Assim, no fim de semana passado abriu, em Bragança (Centro de Arte Contemporânea Graça Morais) e S. Martinho de Anta, Sabrosa (Espaço Miguel Torga), a exposição «Corpo e Paisagem», que aí pode ser vista até 17 de Março do próximo ano. No dia 8, foi a vez do Museu de Portimão. Mas irá ainda seguir-se o Centro de Cultura Contemporânea de Castelo Branco (6 de Abril a 28 de Julho de 2019), o Centro de Artes de Sines («Pontos de Encontro», 16 de Março a 9 de Junho) e, finalmente, num regresso ao Algarve, o Museu Municipal de Tavira/Palácio da Galeria («Mares sem Tempo», 23 de Novembro de 2019 a 23 de Fevereiro de 2020).

Como explicou Teresa Patrício Gouveia, «esta é quase uma reedição de uma aventura anterior da fundação, a das bibliotecas itinerantes».

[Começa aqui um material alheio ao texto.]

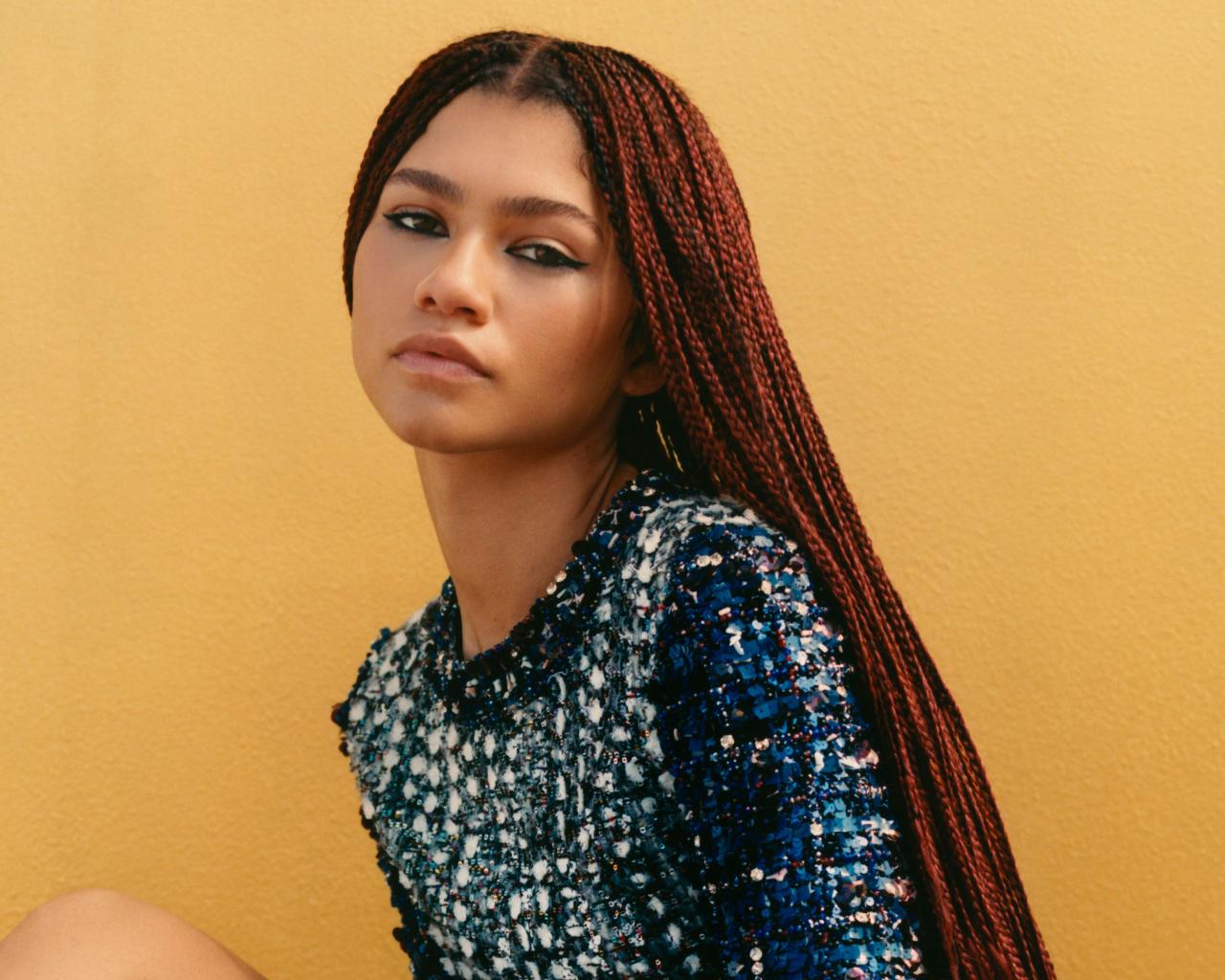 Wallpaper Actress Zendaya with pigtails on her head

Agora , sendo «a primeira vez que peças da Coleção do Fundador circulam pelo país», esta é também a «primeira ronda daquilo que gostaríamos que fosse uma itinerância prolongada, talvez constante», acrescentou a administradora da Fundação Gulbenkian, na abertura da mostra no Museu de Portimão.

Teresa Patrício Gouveia sublinhou ainda o facto de estas não serem exposições que chegam já prontas do museu lisboeta, antes são o resultado de co-curadoria local, «a partir de um conjunto de obras disponibilizadas», num trabalho que se prolongou por «um ano».

Teresa Patrício Gouveia

No caso de Portimão, como salientaria o diretor científico do Museu e co-curador desta exposição, «acrescentámos as Viagens». «Porque estamos a comemorar o Dia da Cidade e Manuel Teixeira Gomes, que era um imenso viajante, um ávido colecionador e escritor, essa dimensão pareceu-nos importante».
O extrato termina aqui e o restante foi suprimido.